我们实施了一种算法方法,该方法使用单细胞核RNA测序(snRNAseq)数据集作为参考,通过强大的数据清理、基因选择以及多样本跨个体和跨细胞类型反卷积,从批量RNA测序(bulk RNAseq)数据集中准确计算细胞类型组成。我们将我们的方法应用于心肌细胞特异性α1A肾上腺素能受体(CM-α1A-AR)基因敲除小鼠。对8-12周龄的小鼠(野生型或CM-α1A基因敲除型)进行永久性左冠状动脉(LCA)结扎或假手术(每组n = 4)。3天后收集梗死边界区的转录组,并使用我们的算法进行分析,以确定细胞类型丰度,使用DESeq2校正差异表达计算,并使用RNAscope验证这些发现。
CM-α1A基因敲除×LCA相互作用项的未校正DEG中有许多细胞类型特异性基因,如(成纤维细胞)和(心肌细胞),并且与心肌细胞分化相关的术语总体基因本体(GO)富集(P = 3.1E - 4)。

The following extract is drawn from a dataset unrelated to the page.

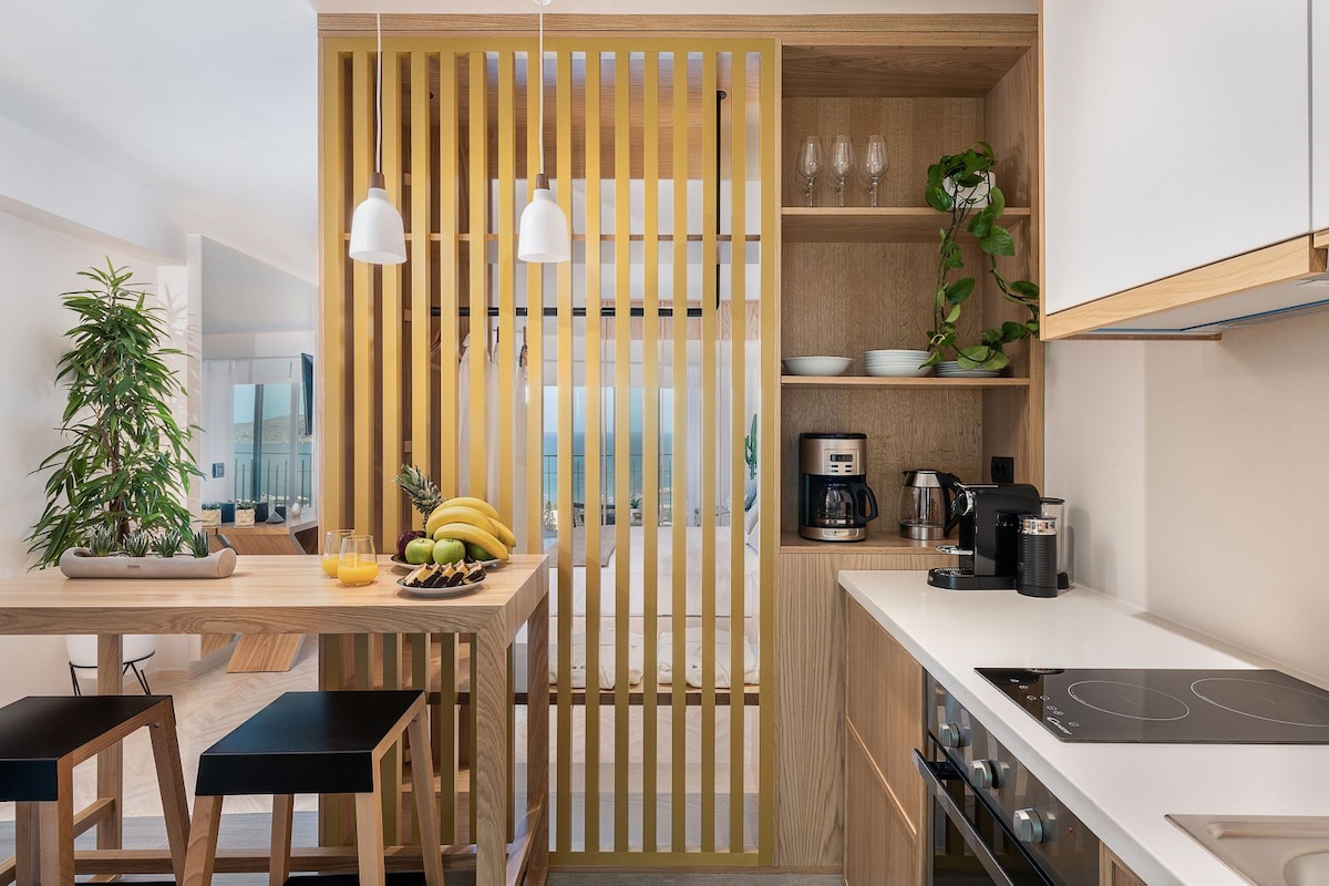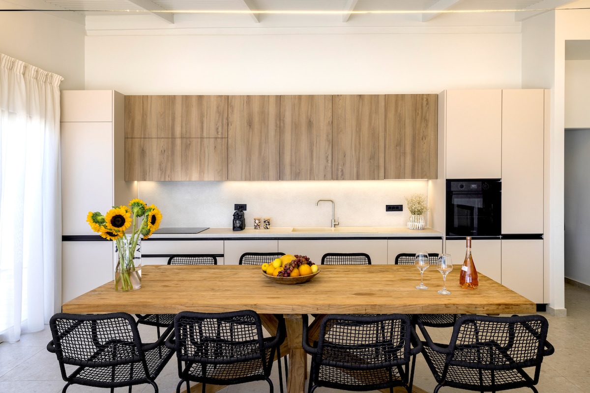Pachnes has 4 luxury apartments: Pi (6 guests), Alpha (4 guests), Chi (4 guests), and Ni (2 guests). This is Alpha with a king-size bed in 1 bedroom, a double bed in the attic, large windows, blackout blinds, verandas, and terrace with city skyline and natural landscapes. The modern design comes with top-of-the-line appliances. Enjoy a fully-equipped kitchen with a refrigerator, oven, microwave, and coffee area. The property offers a large shared pool and a baby pool for the four apartments.

使用我们的算法,我们观察到α1A基因敲除 + LCA小鼠中心肌细胞显著减少而成纤维细胞增加,野生型 + LCA动物中未出现这种情况,尽管我们在两种情况下都观察到巨噬细胞丰度有类似增加。这重现了先前的结果,即CM-α1A基因敲除 + LCA小鼠的心力衰竭表型更为严重。在对细胞类型进行校正后,我们的DEG现在突出了一组新的基因,这些基因在诸如心脏收缩(P = 3.7E - 5)和肌动蛋白丝组织(P = 6.3E - 5)等GO术语中富集。
我们的算法识别并校正了批量RNAseq数据集中的细胞类型丰度,为研究新基因和新途径以及更好地理解心脏细胞类型在心血管疾病中的作用开辟了新途径。